# Pros and Cons: High-output vs. Low-output pickups



## GuitaristZ (Jan 26, 2007)

What exactly are the pros and cons of each? I hear a LOT of people saying that lowoutput ("vintage") pickups have cleaner sounds and better frequency response. I hear people with super hot pickups saying that their pickups have better harmonics and drive amps harder. I have read this on so many forums I am confused hahaha.
I have read that high-output pickups have more bass and mids than low-output ones, and I have also read that low-output pickups have more high-end frequencies than high-output pickups.

I would like the truth now lol, so what are the differences between them in regards to frequency response, dynamics, tone, etc in both clean and dirty aspects. Are low/high output pickups better suited to certain styles? I don't see many jazz players using very hot wound pickups. I dont see many rockstars using very low output pickups either. 

I would also like some information on active pickups. Supposedly, EMGs for instance, are wound low output and then have the signal boosted. I don't know this for sure, so don't take it as fact.
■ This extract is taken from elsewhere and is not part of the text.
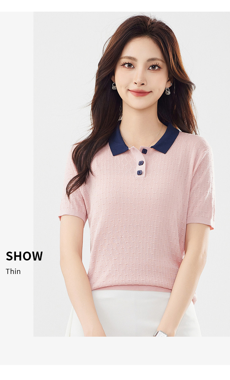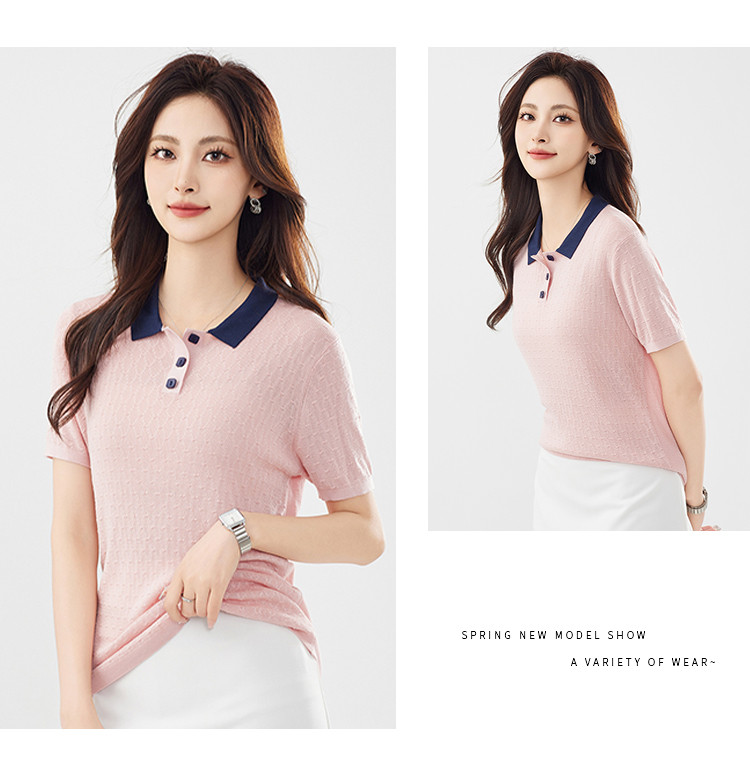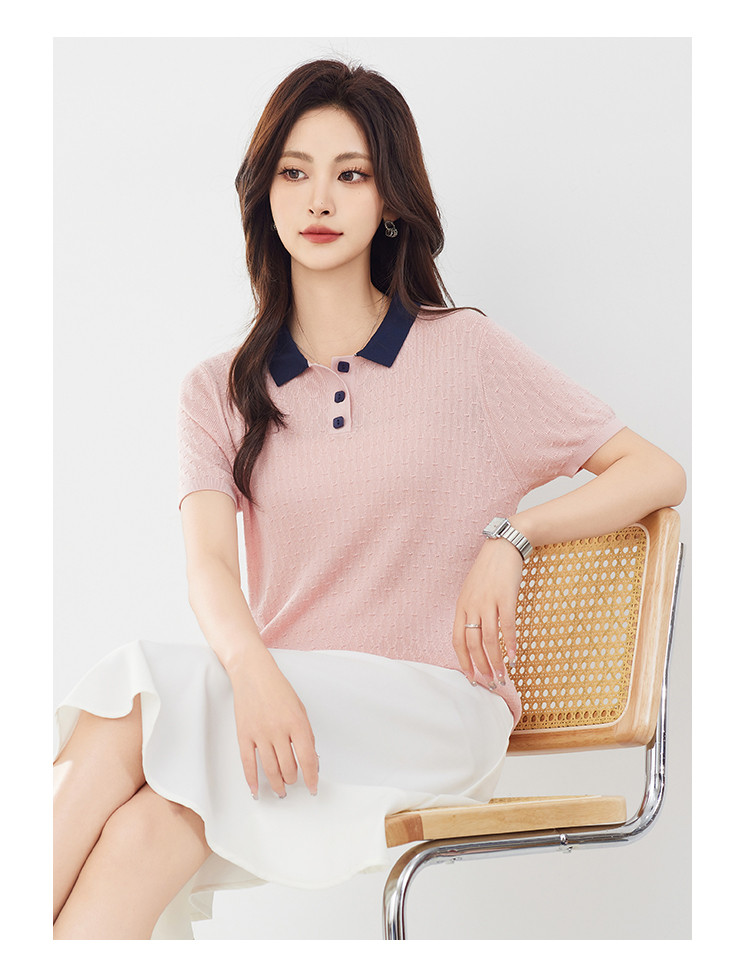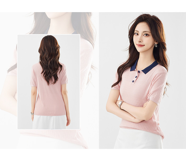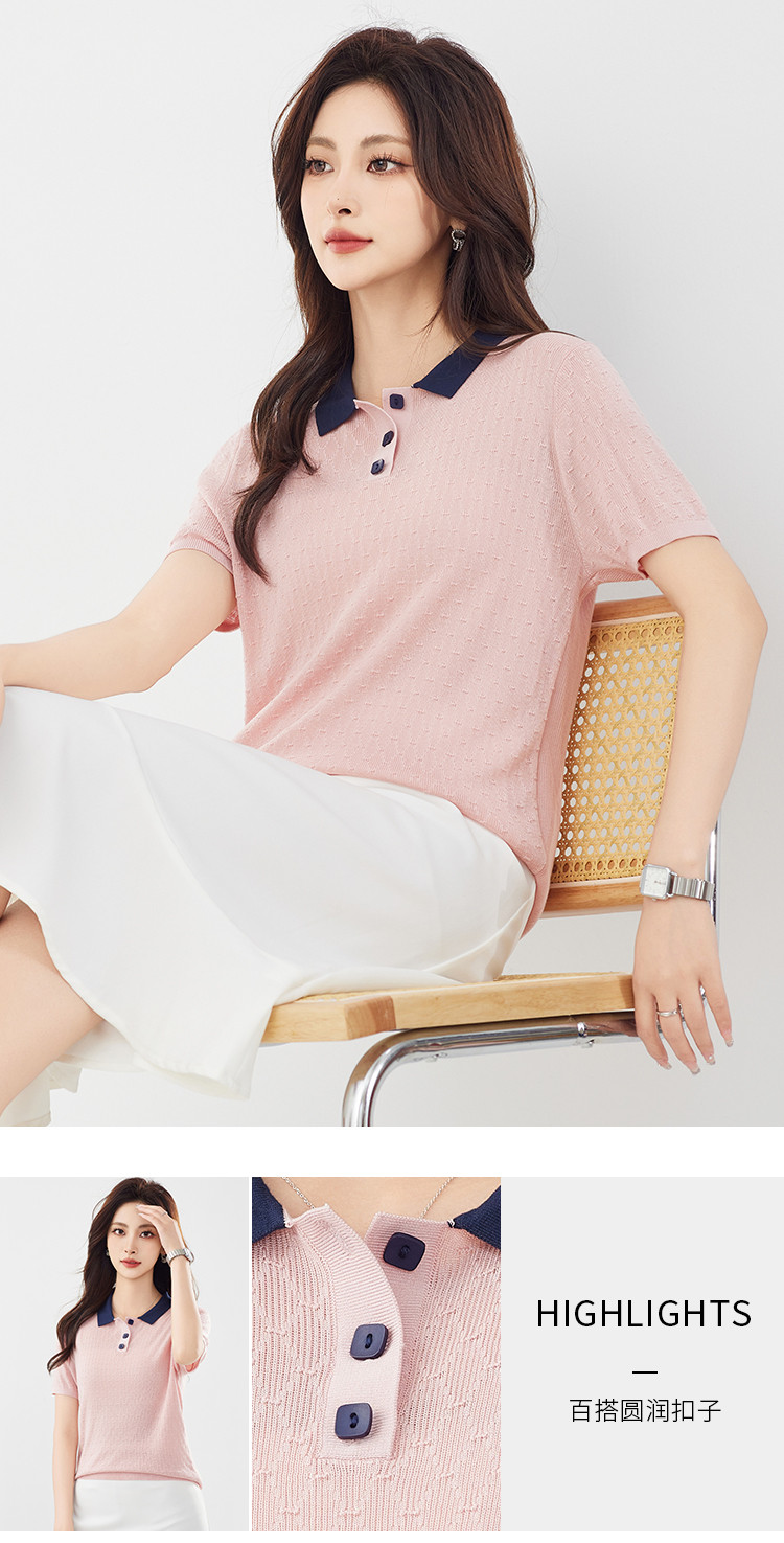 商品名称:【100%莱赛尔】简约高级感撞色翻领针织衫休闲百搭短款上衣女 320607

I would also love to know if other parts of pickups such as, the quality of materials (wire, bobbin, pole pieces e.g. alnico vs. ceramic, etc), the distribution of windings, (hand-wound vs machine-wound), etc have more of an effect on the pickup's tone than the amount of windings and consequent output strength.
There is so much trash out there right now that people just keep repeating even though they have no idea if its true, that it makes me so confused sometimes. I need to know the truth in all this rubbish so I can make an informed decision when buying pickups so I dont waste my money and still get a good pickup that has good tone and is built well.

Heeeeelp meee........................


----------



## GuitaristZ (Jan 26, 2007)

this is off wikipedia: "The disadvantages of active pick-ups are the power source (usually either a battery or phantom power), cost, and less defined unique tonal signature."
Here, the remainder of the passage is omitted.